=== Data records ===

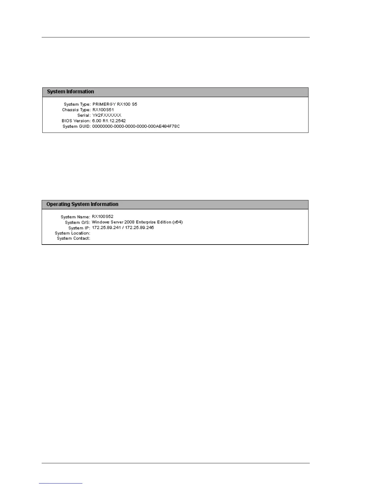System Information lists information on the managed server.
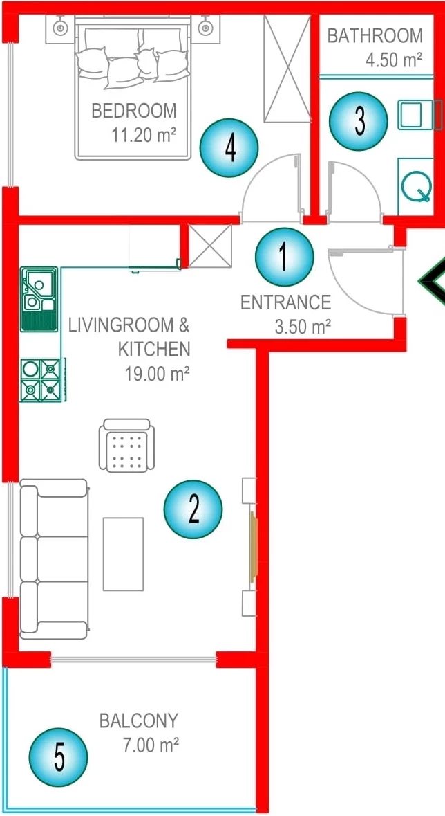 қаласында сатылатын пәтер Аланья. Ауданы, м: 56, нөмірлер: 1+1, бағасы: 209 850 евро. (ID 520)
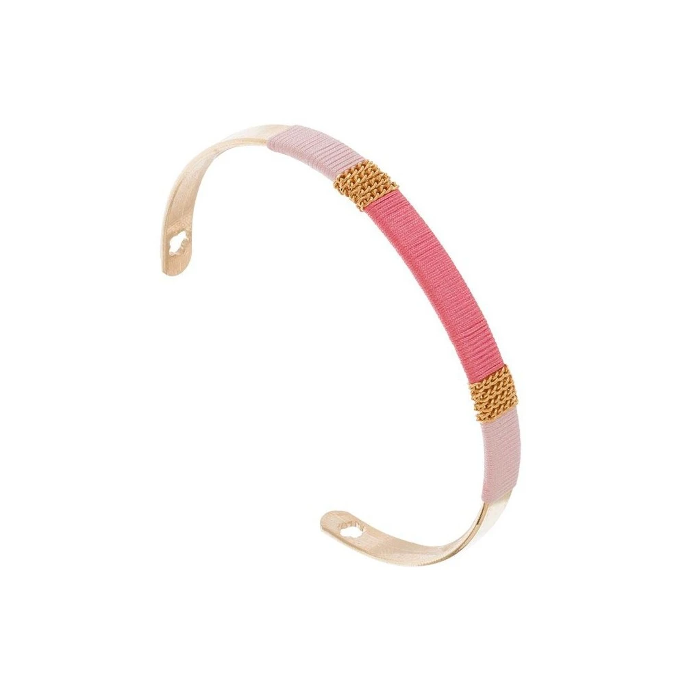 Bracelet jonc ethnique doré, signé By Jollia. Il est composé de petites chaînes dorées et d’une bande tissée avec des files rose au centre du jonc.
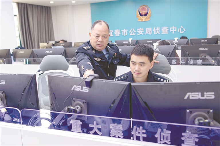 10月30日9时,记者走进宜春市公安局侦查中心时,高忠和正在电脑前忙碌。在他的工位上,电脑显示着密密麻麻的信息表格与错综复杂的关系图谱,桌上整齐叠放着几份案件研判报告。
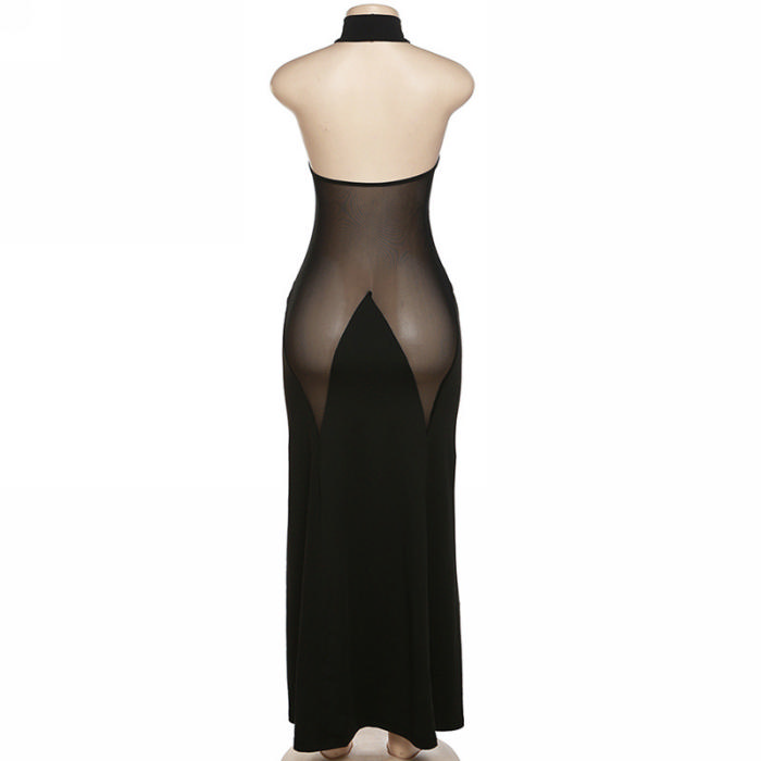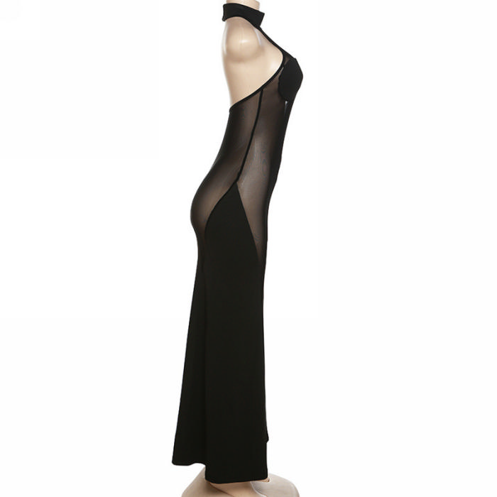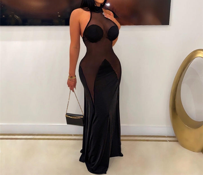(Real Image)2022 Styles Women Sexy Spring&Winter TikTok&Instagram Styles Black Mesh Maxi DressSKU: #CF48945-1
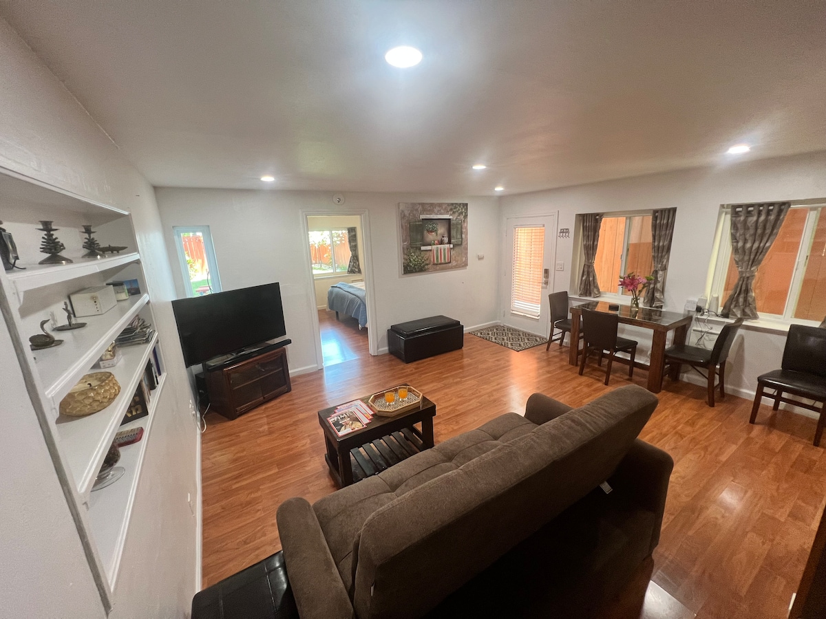 Willkommen in deinem privaten 800 Quadratfuß großen urbanen Rückzugsort, der im März 2017 durchdacht renoviert wurde. Diese stilvolle und komfortable Unterkunft bietet moderne Annehmlichkeiten und eine erstklassige Lage im Herzen der Stadt. Bitte beachte: Die Unterkunft befindet sich an einer belebten Straße und neben einer Ladestation für Elektrofahrzeuge und direkt an einer großen Autobahn. Gäste, die empfindlich auf Lärm reagieren, möchten dies möglicherweise vor der Buchung in Betracht ziehen.
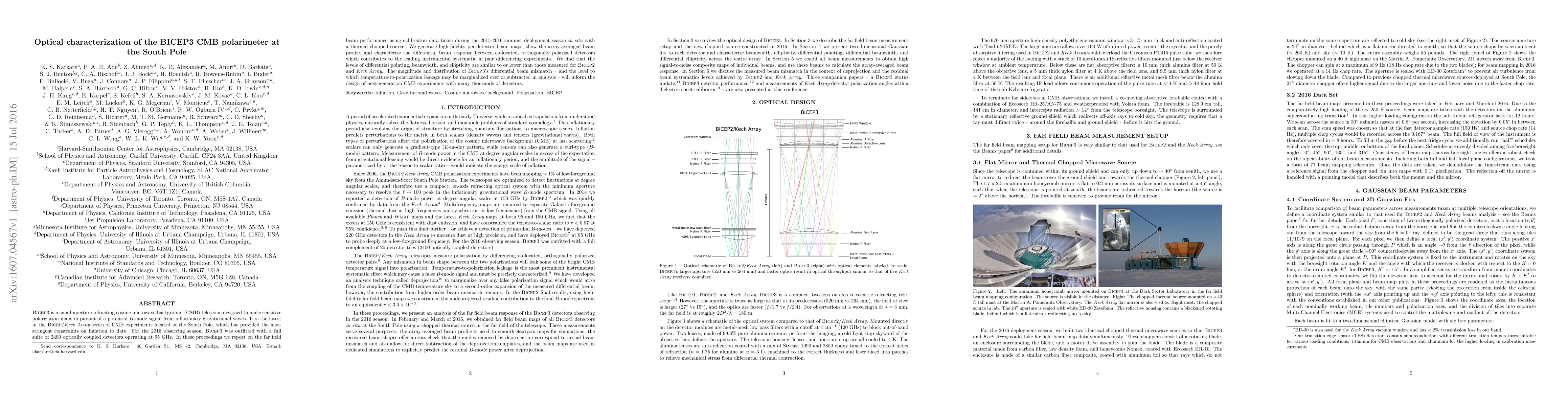 This paper details the optical characterization of the BICEP3 CMB polarimeter, focusing on its beam performance and differential beam response. The results show that BICEP3's instrumental systematics are comparable to or better than its predecessors, providing crucial insights for future CMB experiments.
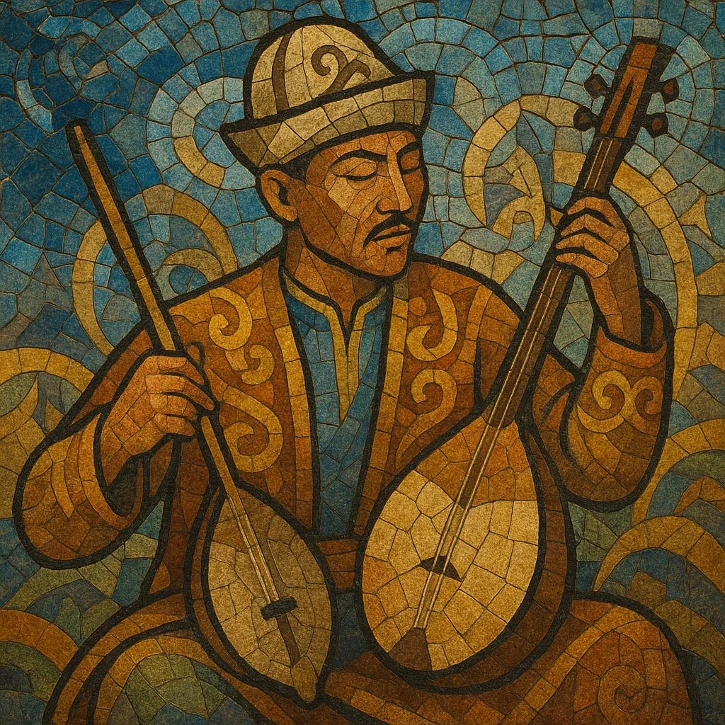 It is rooted in a nomadic, oral tradition centered on the solo instrumental art of the küy (programmatic pieces) for the two‑string dombyra and the bowed qyl‑kobyz, as well as epic singing (zhyr/zhyrau) and improvised song duels (aytys) by akyn poet‑singers.
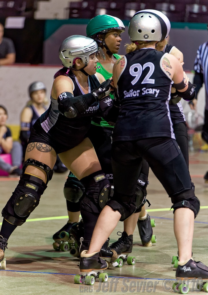 Next up were the 2015 D2 finalists, Demolition City Roller Derby (Evansville, IN). What made that game especially significant was the previous match-up: a Demolition City demolition of Cincinnati by almost 200 points that kicked off the Black Sheep’s gut-wrenching, winless 2014 season. The 2016 squad was a much different team, though, and Cincinnati won the rematch 230-88, most importantly earning them their highest ranking score of the season at 474.54 rankings points.
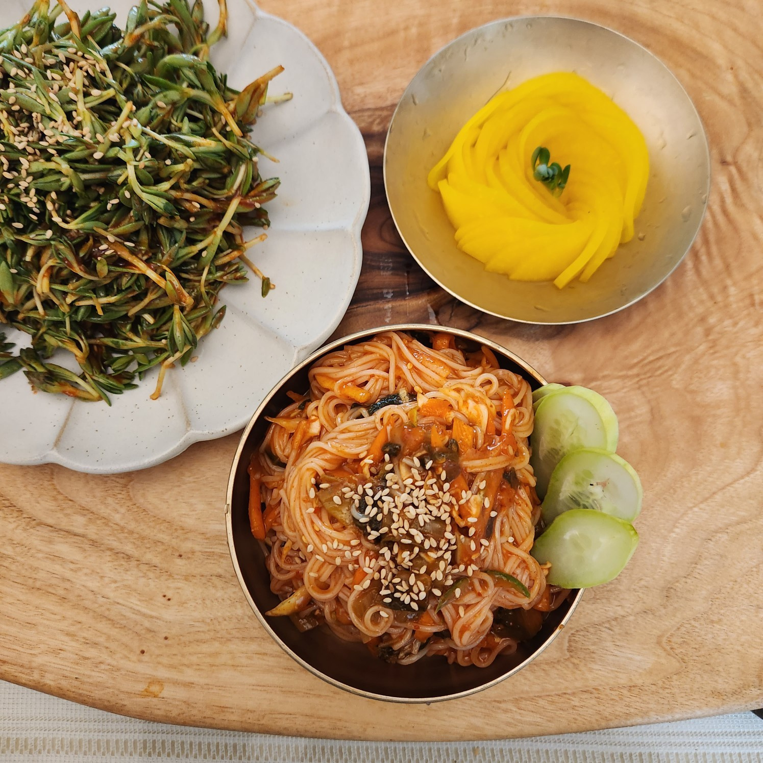 甘酸っぱくてもちもち!食欲をそそる갓キムチビビンククス(カッキムチビビンククス)の作り方
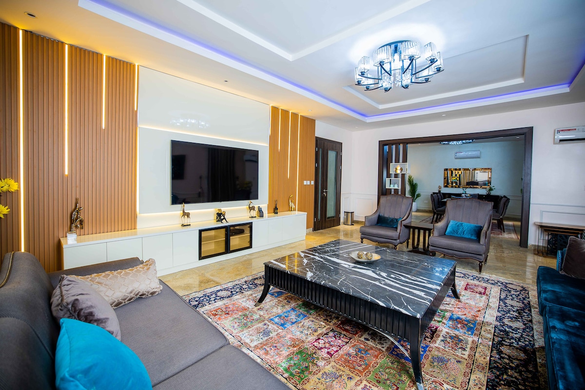 Disfruta de una experiencia elegante en este lugar céntrico. Un hogar lejos de casa, con una decoración de última generación y servicios para que disfrutes de una estancia inolvidable. Las instalaciones incluyen: -Play ! 5 - Wifi. - proximidad a lugares principales. A 2 minutos en auto de Maitama y a 5 minutos en auto de Wuse 2. - Electricidad las 24 horas con inversor y generador. - 2 balcones. -2 salas de estar - Televisores inteligentes en todas las habitaciones y salones.
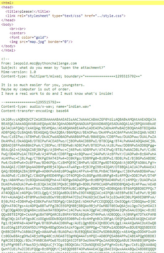 ### 20_2.py from requests import * if __name__=="__main__" : header = {"Authorization" : "Basic YnV0dGVyOmZseQ==", "user-agent" : "Mozilla/5.0 (Windows NT 10.0; Win64; x64) AppleWebKit/537.36 (KHTML, like Gecko) Chrome/91.0.4472.77 Safari/537.36", "Range": "bytes=1152983631-/2123456789" } url = "http://www.pythonchallenge.com/pc/hex/unreal.jpg" res = get(url,headers=header) with open("somefile","wb") as f: f.write(res.content)
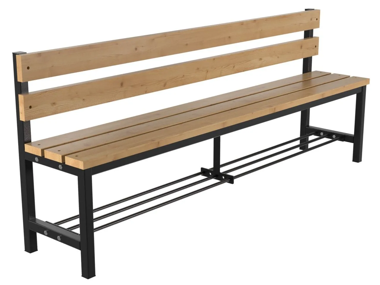 Скамейка для раздевалки со спинкой разборная с полкой для обуви.Устанавливается в школах, спортивных комплексах, фитнес центрах.
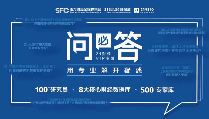 “问必答”是21财经客户端以粤港澳大湾区(广东)财经数据中心和南财智库为依托,针对VIP用户专属打造的问答服务。用户提出的每一个财经问题,“问必答”都将通过数据库筛选匹配至相应的专业人士,邀请他们给出精准、合规的参考答案。

===

Your instructions:
Only the lines from the one with "甘酸っぱくてもちもち!食欲を" to the last line of the listing, inclusive, are to be set down, exactly as they stand and without pictures.

Response to the task:
 甘酸っぱくてもちもち!食欲をそそる갓キムチビビンククス(カッキムチビビンククス)の作り方
 Disfruta de una experiencia elegante en este lugar céntrico. Un hogar lejos de casa, con una decoración de última generación y servicios para que disfrutes de una estancia inolvidable. Las instalaciones incluyen: -Play ! 5 - Wifi. - proximidad a lugares principales. A 2 minutos en auto de Maitama y a 5 minutos en auto de Wuse 2. - Electricidad las 24 horas con inversor y generador. - 2 balcones. -2 salas de estar - Televisores inteligentes en todas las habitaciones y salones.
 ### 20_2.py from requests import * if __name__=="__main__" : header = {"Authorization" : "Basic YnV0dGVyOmZseQ==", "user-agent" : "Mozilla/5.0 (Windows NT 10.0; Win64; x64) AppleWebKit/537.36 (KHTML, like Gecko) Chrome/91.0.4472.77 Safari/537.36", "Range": "bytes=1152983631-/2123456789" } url = "http://www.pythonchallenge.com/pc/hex/unreal.jpg" res = get(url,headers=header) with open("somefile","wb") as f: f.write(res.content)
 Скамейка для раздевалки со спинкой разборная с полкой для обуви.Устанавливается в школах, спортивных комплексах, фитнес центрах.
 “问必答”是21财经客户端以粤港澳大湾区(广东)财经数据中心和南财智库为依托,针对VIP用户专属打造的问答服务。用户提出的每一个财经问题,“问必答”都将通过数据库筛选匹配至相应的专业人士,邀请他们给出精准、合规的参考答案。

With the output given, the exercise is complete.